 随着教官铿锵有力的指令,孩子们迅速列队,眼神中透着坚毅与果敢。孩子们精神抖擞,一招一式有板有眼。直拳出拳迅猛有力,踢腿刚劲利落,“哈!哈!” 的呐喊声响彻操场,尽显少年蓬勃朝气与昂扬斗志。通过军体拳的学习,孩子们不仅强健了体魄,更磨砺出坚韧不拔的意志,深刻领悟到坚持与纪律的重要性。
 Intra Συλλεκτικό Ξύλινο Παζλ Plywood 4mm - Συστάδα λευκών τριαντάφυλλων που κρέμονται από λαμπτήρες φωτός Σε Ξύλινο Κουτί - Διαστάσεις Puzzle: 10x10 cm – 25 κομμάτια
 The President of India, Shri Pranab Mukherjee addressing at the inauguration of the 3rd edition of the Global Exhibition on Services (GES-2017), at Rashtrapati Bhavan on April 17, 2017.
-------------------------
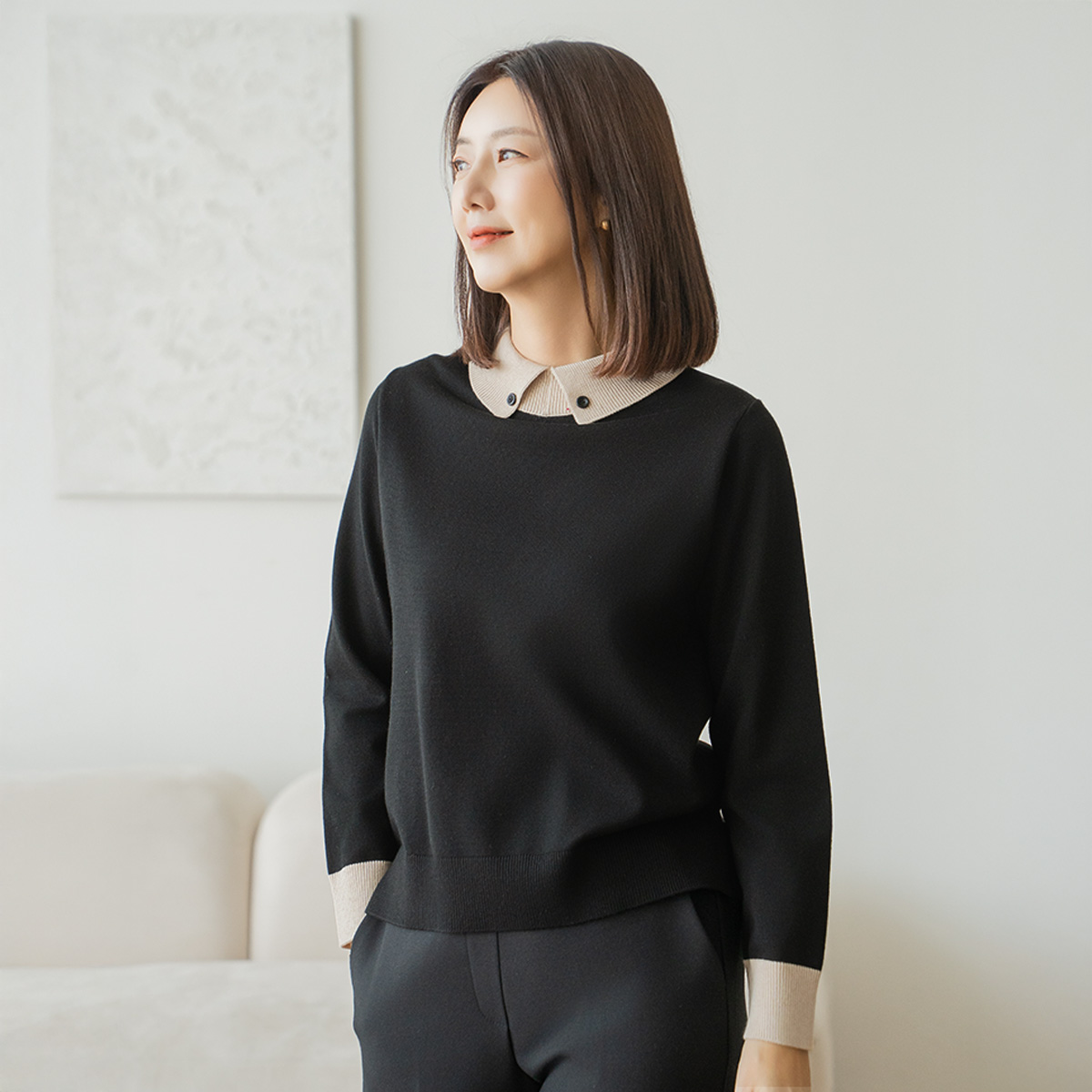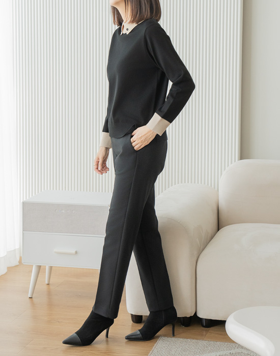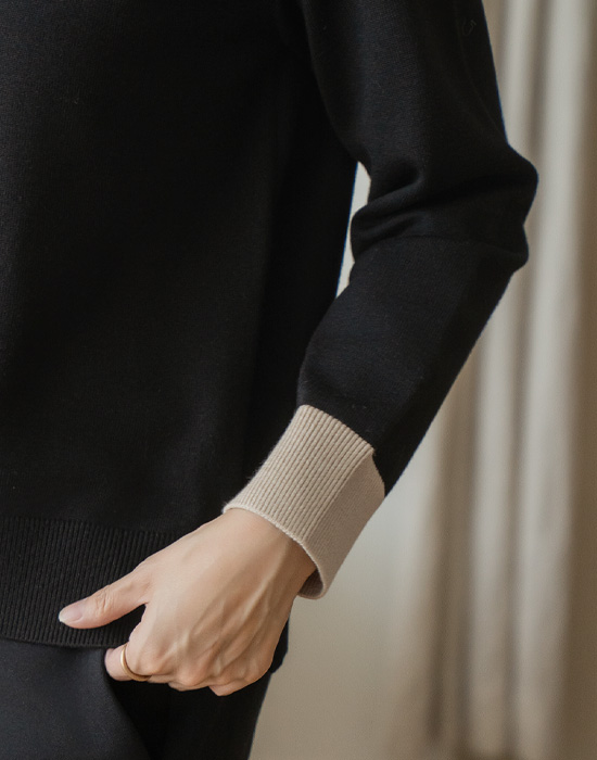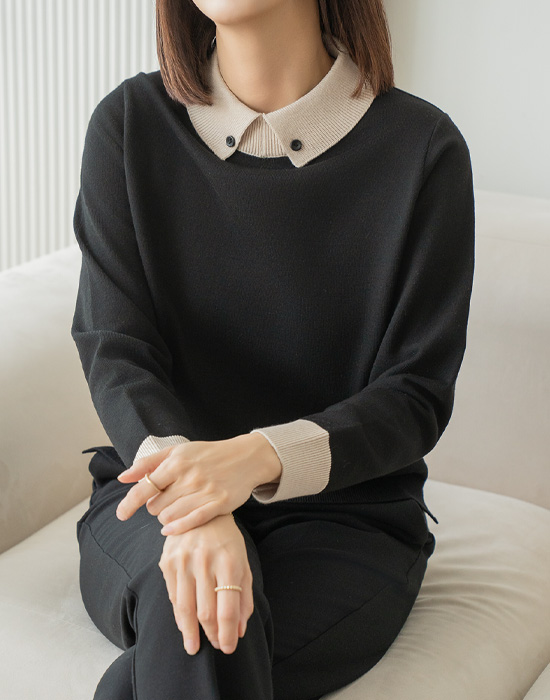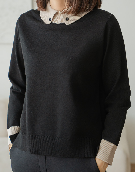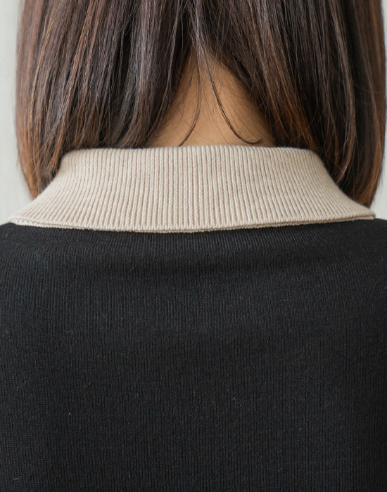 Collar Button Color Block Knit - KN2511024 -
-------------------------
◆ WHAT YOU HAVE TO DO
Please, from the material above, copy only the lines from the line with "随着教官铿锵有力的指令,孩子" up to and including the line with "The President of", exactly as written.

◆ SOLVED EXERCISE
 随着教官铿锵有力的指令,孩子们迅速列队,眼神中透着坚毅与果敢。孩子们精神抖擞,一招一式有板有眼。直拳出拳迅猛有力,踢腿刚劲利落,“哈!哈!” 的呐喊声响彻操场,尽显少年蓬勃朝气与昂扬斗志。通过军体拳的学习,孩子们不仅强健了体魄,更磨砺出坚韧不拔的意志,深刻领悟到坚持与纪律的重要性。
 Intra Συλλεκτικό Ξύλινο Παζλ Plywood 4mm - Συστάδα λευκών τριαντάφυλλων που κρέμονται από λαμπτήρες φωτός Σε Ξύλινο Κουτί - Διαστάσεις Puzzle: 10x10 cm – 25 κομμάτια
 The President of India, Shri Pranab Mukherjee addressing at the inauguration of the 3rd edition of the Global Exhibition on Services (GES-2017), at Rashtrapati Bhavan on April 17, 2017.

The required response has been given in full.